Other important ways that employers can ensure the health and safety of their workers are:

  • Educate them on ways to prevent heat stress.
  • Be sure they know what to do if a co-worker seems to be experiencing heat-related illness.
  • Provide plenty of water.
  • Adjust work schedule to provide workers rest from the heat.
  • Rearrange nonessential duties.
  • Supervisors should monitor workers and be sure they are staying hydrated.

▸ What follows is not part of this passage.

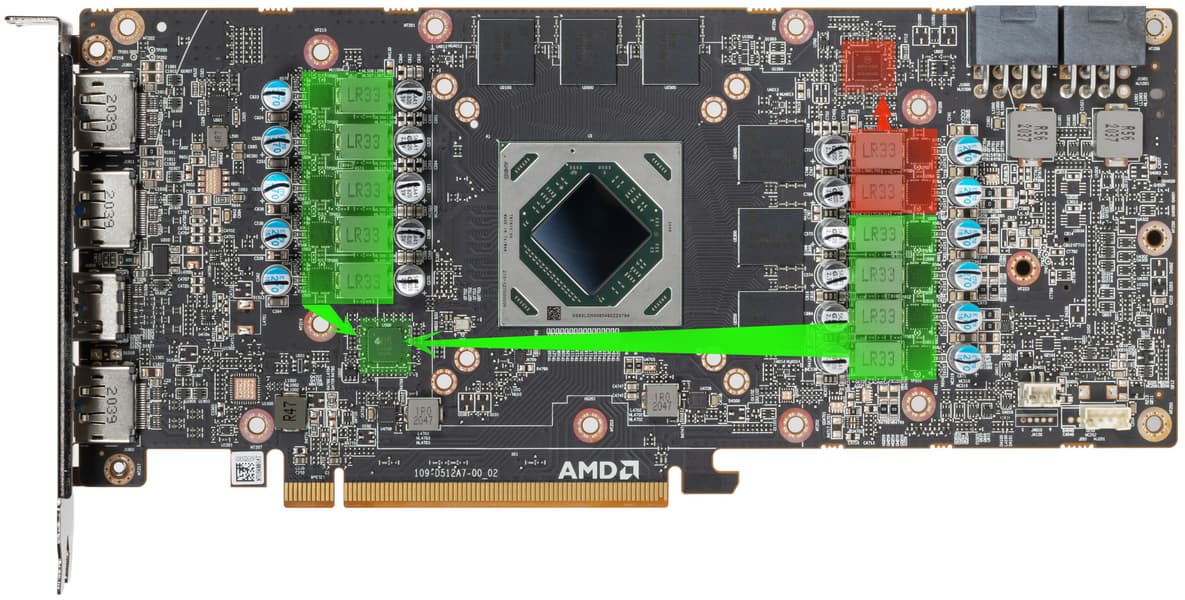 В итоге, новый графический процессор Navi 22 и видеокарта на его основе смотрится как разделенные ровно напополам почти по всем блокам чип Navi 21 и Radeon RX 6900 XT, соответственно. Почти, так как для сохранения эффективности кэширования данных объем Infinity Cache было решено поставить в 96 МБ, что немногим меньше 128 МБ — видимо, 64 МБ было бы слишком мало для компенсации сравнительно низкой пропускной способности GDDR6. Новинка должна быть не вдвое медленнее модели Radeon RX 6900 XT еще и из-за более высоких частот GPU у младшей модели.

Employers are required by OSHA to provide that workplaces are free from recognizable hazards, both indoors and outdoors.  It is up to the companies to know in advance what their employees will confront and guarantee that their environment is a safe one.

Source:
NIOSH
CAL/OSHA

STRESSFUL LIFESTYLE?

It’s hard to find anyone who isn’t stressed out in this hurry-up world of ours.  Signs of a stressful life that could be affecting your health are:

  • Feeling that your life is out of control
  • Trouble falling asleep or staying asleep
  • Skipping meals or eating on the run because of lack of time
  • Frequent illness
  • Feeling run-down and/or too tired to exercise
  • Eating, drinking or smoking when you are nervous
  • Having difficulty saying No

Try these quick relaxation tips:

  • Laugh away your worries.  Keep humorous articles handy to read and share.
  • Massage your temples, shoulders and neck.
  • Get in a comfortable position.  Take a long, slow, deep breath to the count of 5.  Then exhale to the count of 5.  Imagine that you are breathing out excess tension and breathing in relaxation.  With each breath, say to yourself, “Relax”.  Repeat 10 times.

Do these simple stretches:  (You can even do them sitting or standing at your desk.)

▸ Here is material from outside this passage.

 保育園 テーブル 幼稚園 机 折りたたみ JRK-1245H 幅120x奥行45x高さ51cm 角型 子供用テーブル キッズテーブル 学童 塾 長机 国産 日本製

  • Upper Back Stretch:  Sitting straight with your fingers interlaced behind your head, and keeping your shoulders down, lift your chest and bring your elbows back as far as you can.  Hold 10 seconds.
  • Overhead Reach:  Raise your arms over your head and interlace your fingers with palms facing up.  Stretch upwards, keeping your shoulders down.  Hold for 20 seconds.
  • Shoulder Rotations:  Sit up straight.  Bring shoulders up toward your ears and then back behind you.  Move them forward, making imaginary circles.  Roll shoulders forward 10 times, then roll shoulders in the reverse direction 10 times.
  • Waist Bend:  Standing, reach arms overhead with fingers laced together.  Face forward with shoulders down, bend to one side from the waist.  Hold for 20 seconds.  Repeat on the other side.  Repeat 10 times.

Now, don’t just read this; try it!  Hope it helps!